How long have you been (working in/participating in) your field? How did you get into it?
I started dancing at the age of three and choreographing in my early 20s. I had staged for Hampton Roads Civic Ballet, but my work in musical theatre started when I played Hunyak in Chicago, the opening show at the Village Theatre when PCT purchased the building in 1994. John Raynes, who was directing the show, asked me if I thought I could choreograph a musical, and I told him I could try. I’ve been choreographing ever since and directing since about 1998.
How long have you been working/ living in in Hampton Roads?
I suppose I’m a "come here"; we moved to this area when I was a year old and my father got stationed at Langley AFB.
What advice would you give young women going into your field?
Find that person you can learn from. Don’t be afraid to ask if you can shadow someone whose work you admire; watch what they do and how they do it. I have had some amazing choreographers and directors that I have considered my mentors along the way, and the best feeling in the world is when one of your mentors says they like your work. Another piece of advice—don’t let anyone steamroll over you. Ever. I’m only ashamed of the times I didn’t speak up, never about the times when I did.
Does your gender influence your relationship to your work? In what way?
I work in two fields in which women are generally seen as assets, I think, so it usually comes as a shock to me when I run into gender-based discrimination or harassment. In my early 20s, I was sent to a photographer’s home to have headshots taken. About halfway through the session, he said that the pattern on my pants was distracting and asked if I would take them off. For HEADSHOTS. I told him that was out of the question, and he went on taking photographs as if nothing had happened. I did tell the person who had sent me there, and I got some sort of a, “Well, good photographers are hard to find” kind of an answer. Looking back, I wish I’d handled it differently, and I think (I hope) young women today are willing to make a bigger fuss than I did.

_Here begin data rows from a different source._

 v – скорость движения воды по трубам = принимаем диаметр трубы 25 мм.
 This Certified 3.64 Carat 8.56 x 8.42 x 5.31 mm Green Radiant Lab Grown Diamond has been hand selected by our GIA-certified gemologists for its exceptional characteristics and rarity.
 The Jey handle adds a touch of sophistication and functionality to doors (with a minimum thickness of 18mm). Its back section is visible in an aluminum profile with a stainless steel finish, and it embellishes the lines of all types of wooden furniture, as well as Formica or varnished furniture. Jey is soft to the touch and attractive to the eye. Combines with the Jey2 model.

The older I get, the easier it has become to say, “You will not speak to me like that” or “You will not dismiss my concerns.” It’s a paradox; if someone uses a “calm down, little lady” remark to me, I absolutely see red. And if you respond angrily, you are just reinforcing the “hysterical woman” stereotype. I often find myself thinking, “Wait. Would they have said that to a man?” And I’m just not willing to let that go anymore.
Have you faced challenges in your field because of your gender or have you found your gender to be an asset? What kinds of challenges or advantages, and how have they affected your life?
I’ve been working in education since the early 90s, and things were a lot different then. I had a forward-thinking (male) administrator who asked the person in charge of salaries to create a graph broken down by gender, which we looked at during a faculty meeting. The data was ridiculously skewed, and I distinctly remember the person in charge explaining that the male employees’ salaries were higher “because they have families to support.” There was a lot of rage in the room that day, and I began to learn the right way to stand up for myself from those women. It makes me feel a little old to realize I have been working long enough to remember that this kind of bias was so acceptable, that someone was willing to say that in front of a room full of educated women who worked just as hard as our male colleagues. I’m proud to have been part of the first generation of women to stand up and say, “This is wrong. Fix it.” We still have a long way to go; the wage gap is still there in a lot of fields, and it is hard to detect unless there is transparency in reporting.
Any closing thoughts?
If you are lucky enough to get a seat at the table, really think about who you can invite in. it’s important to surround yourself with people who want to see the arts expand in the same way you do.
I think that we as a society are doing a much better job at recognizing inequities across the board now, but I think it’s important for us to share our stories with younger women and assure them that standing up for themselves is the right thing to do.